Is your husband in a teaching hospital? It is not uncommon for the Floor or Unit MD to take over daily care issues. It sounds like there’s no need for the ICU and has been put in a step,down unit? The surgeon should be checking in, might be via phone calls or he’s checking on the portal. If the surgeon isn’t coming around, track him down. The surgeon needs to tell you how the procedure went. You should know if the aneurysm ruptured while he was stabilizing it, if your husband had an ischemic stroke during the procedure, if there were any type of complications…something happened and you have the right to know.

That being said, we tend to forget or not be told all the risks of procedures. You could start with the RN and floor doctor asking what happened during the procedure, but the surgeon is the one who will know. The others would just have it passed through the shift change reports. If you can access his patient portal, it may be in there.

Yes my husband is in a teaching hospital. I have not seen or heard from he surgeon since 2 days after the surgery. My husband is now on the rehab floor. They have him walking again but he is very unsteady and has to have someone with him. He has a sitter with him every night since he has been in the hospital. The surgeon told me everything went fine he just had to use 3 clips instead of two. After the surgery it took 3 full days for him to be fully awake. His head was laying to the right side of his body but he can hold it up now. I’m kinda all over the place writing this but I believe something went wrong and the doctor isn’t saying anything. They have written on the board in his room that he is impulsive. He tries to get out of bed all the time. He isn’t the type of person to be sitting around in bed. He has always been very active no in sports or exercise but he is always doing something. The keep changing his sleeping medication because he doesn’t sleep all night. He is drinking alot of water because his sodium is too high and he wasn’t to get up and go to the restroom. They want him to use the urinal but he wants to use the bathroom. He will be sitting there and start to get up and I ask where you going? He will say I need to go check on these skews, that was something he did when he was working or I need to go gather up the pigs we don’t have pigs. His mind is all over the place. Today I get a call from a psychiatrist office saying he has been referred to them. So I don’t know if he really needs one he was fine until this surgery but I’m willing to try anything.

The brain heals. The first month is no prediction of future performance. I also wanted to get out of bed all the time, was assigned a sitter, and my short term memory was very poor. I had cognitive issues as well. After surgery, I was angry my husband had flown me to China, but I thought that only because the nurses and doctors that day were all Asian! But I returned to work as a Scientific Director and regained short term memory (but not so much memory of the year following surgery). It is inexcusable no one in a teaching hospital is talking with you. Call the Patient Advocate to investigate or write a letter to the Chairman of the Department of Neurosurgery.

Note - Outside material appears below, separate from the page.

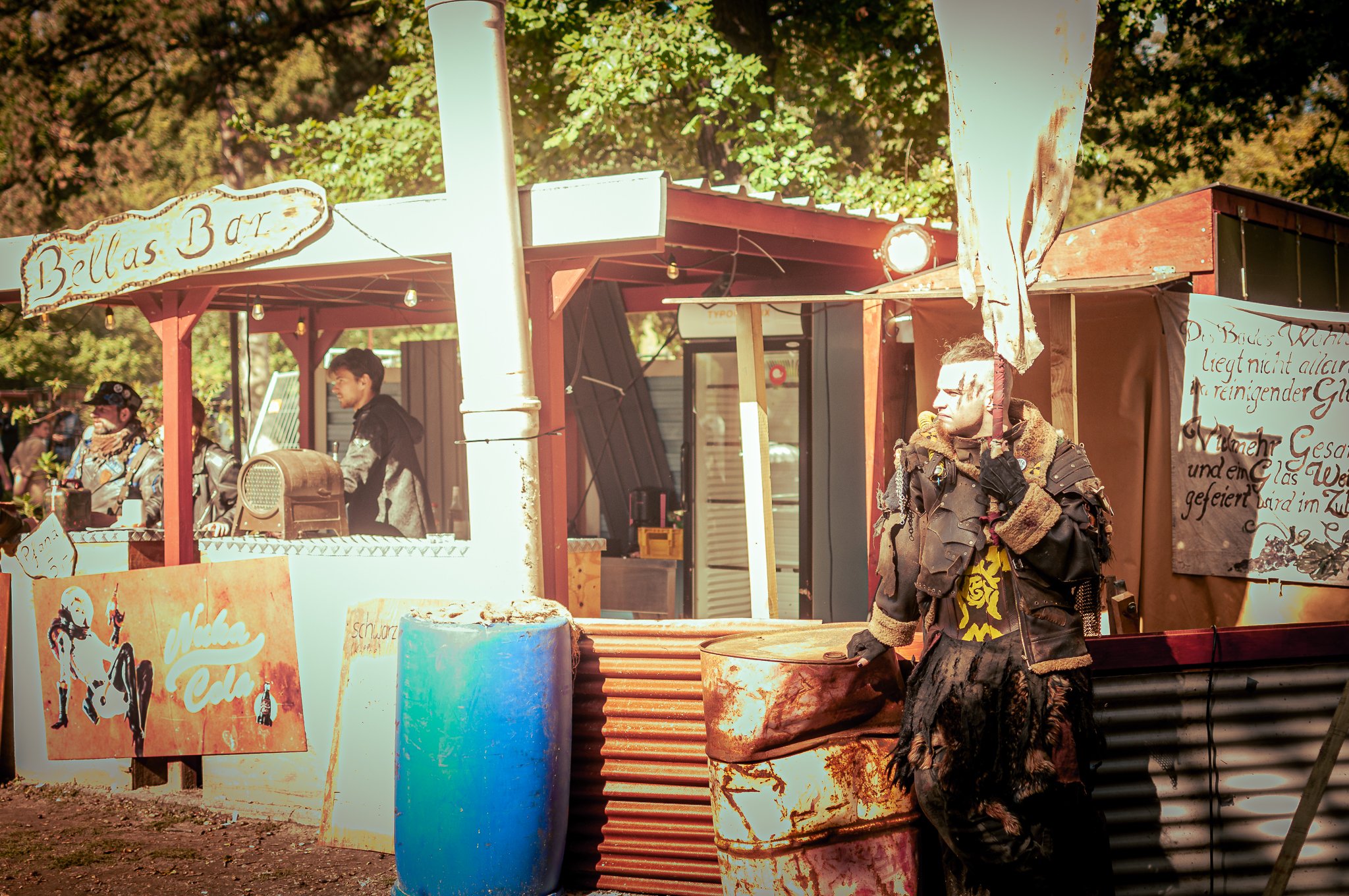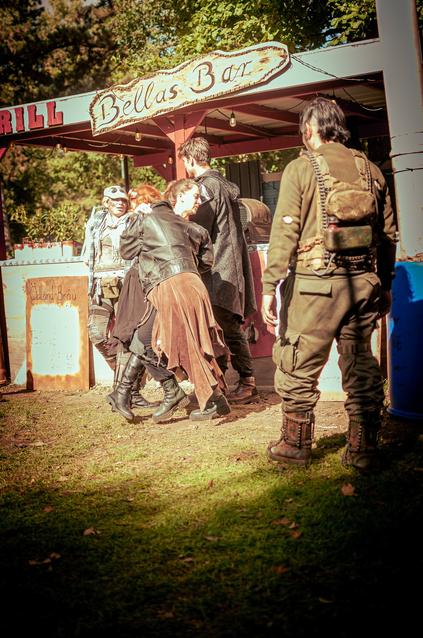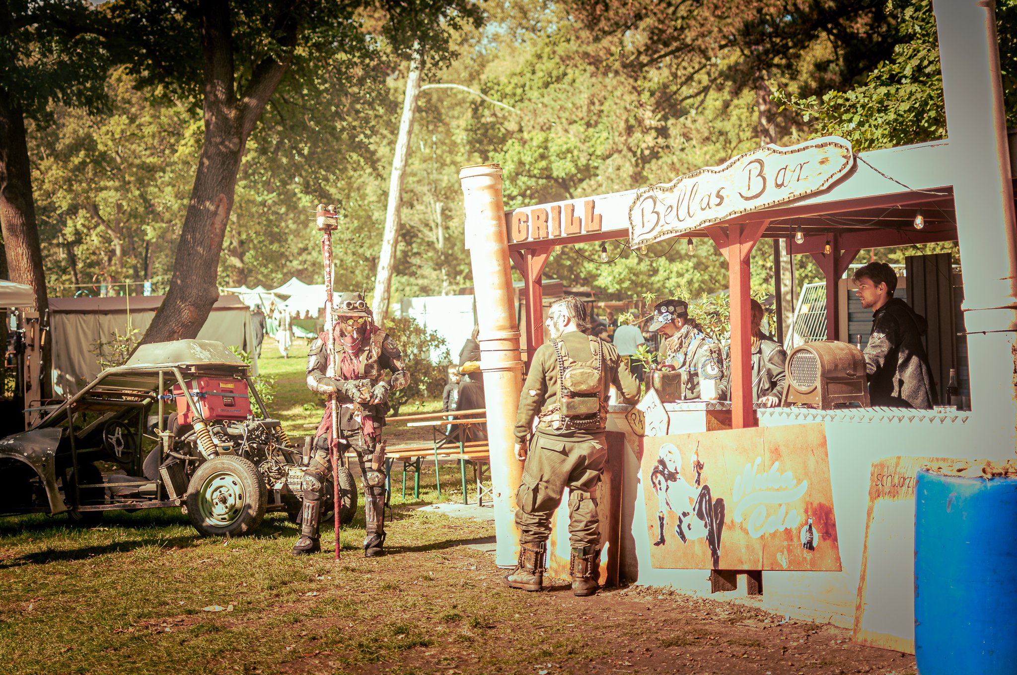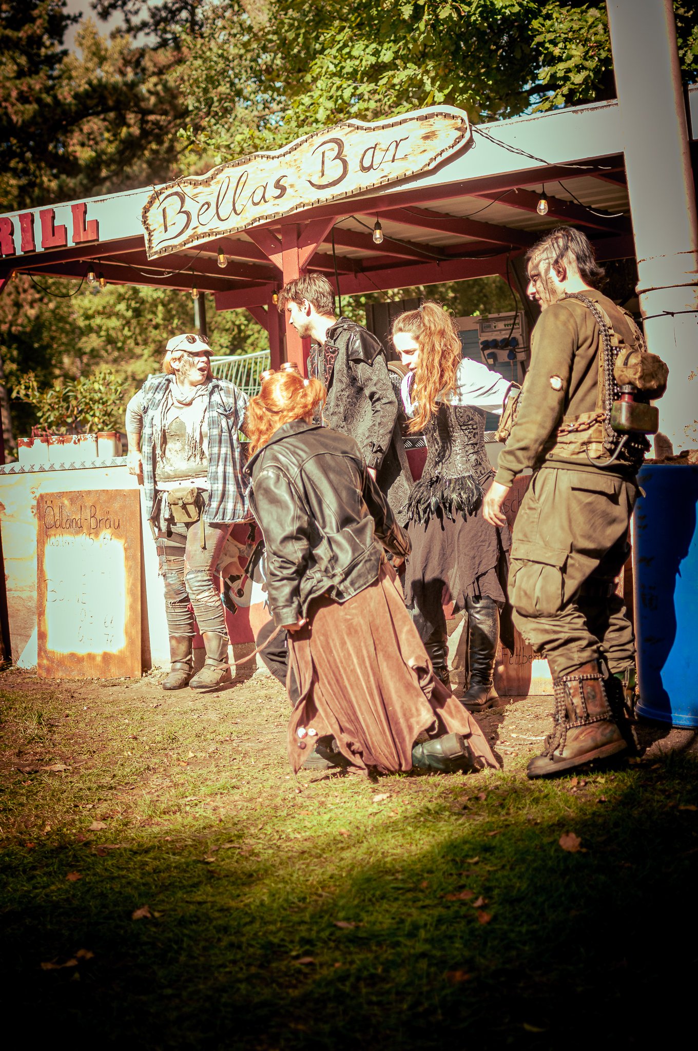 Als sich Samstagabend der Regen und die wütenden Windböen etwas beruhigt hatten, hieß es natürlich: Party. Mit Feuershow, lauter Musik, Nebel, wildem Getanze und allem was das Endzeit-Herz begehrt. So war es ein Wunder, dass die Energie am Sonntag nach wie vor gegeben war, die endlich auftauchende Sonne hat aber mit Sicherheit ihren Teil dazu beigetragen. Da gemeinsam mit der Temperatur auch die Besucherzahl stieg, lohnte sich hier auch der zusätzliche Showact mit unseren neuen Freunden von Bellas Bar: Der Tumult! Die Showkämpfe entlockten den Zuschauern zahlreiche Ohs und Ahs, eventuell Besorgte können wir beruhigen: War natürlich alles nur gespielt, und bis auf einen Kratzer im Motorrad ist niemandem etwas passiert.

Thank you for for your story I appreciate any advice but my husbands surgeon is the Chairman of the department. I know its only been a month but we were not told this could happen it was just a big shock. He talked like it was 6 days in the hospital and go home have bad headache for two weeks and take it easy for 6 weeks. He said nothing about any kind of memory loss. Finding out tomorrow if insurance will approve skilled nursing facility tomorrow. They have denied 2 other facilities. Hoping for the best prepared for the worst.

Good luck! I hope the insurance will pay for his care. The surgeon should not have given you only the best case scenario. Informed consent means you know the risks and are agreeing with the treatment despite those risks. It might help your peace of mind to arrange for a surgeon at another hospital to review the surgical report and discuss it with you. I hope tomorrow is a better day!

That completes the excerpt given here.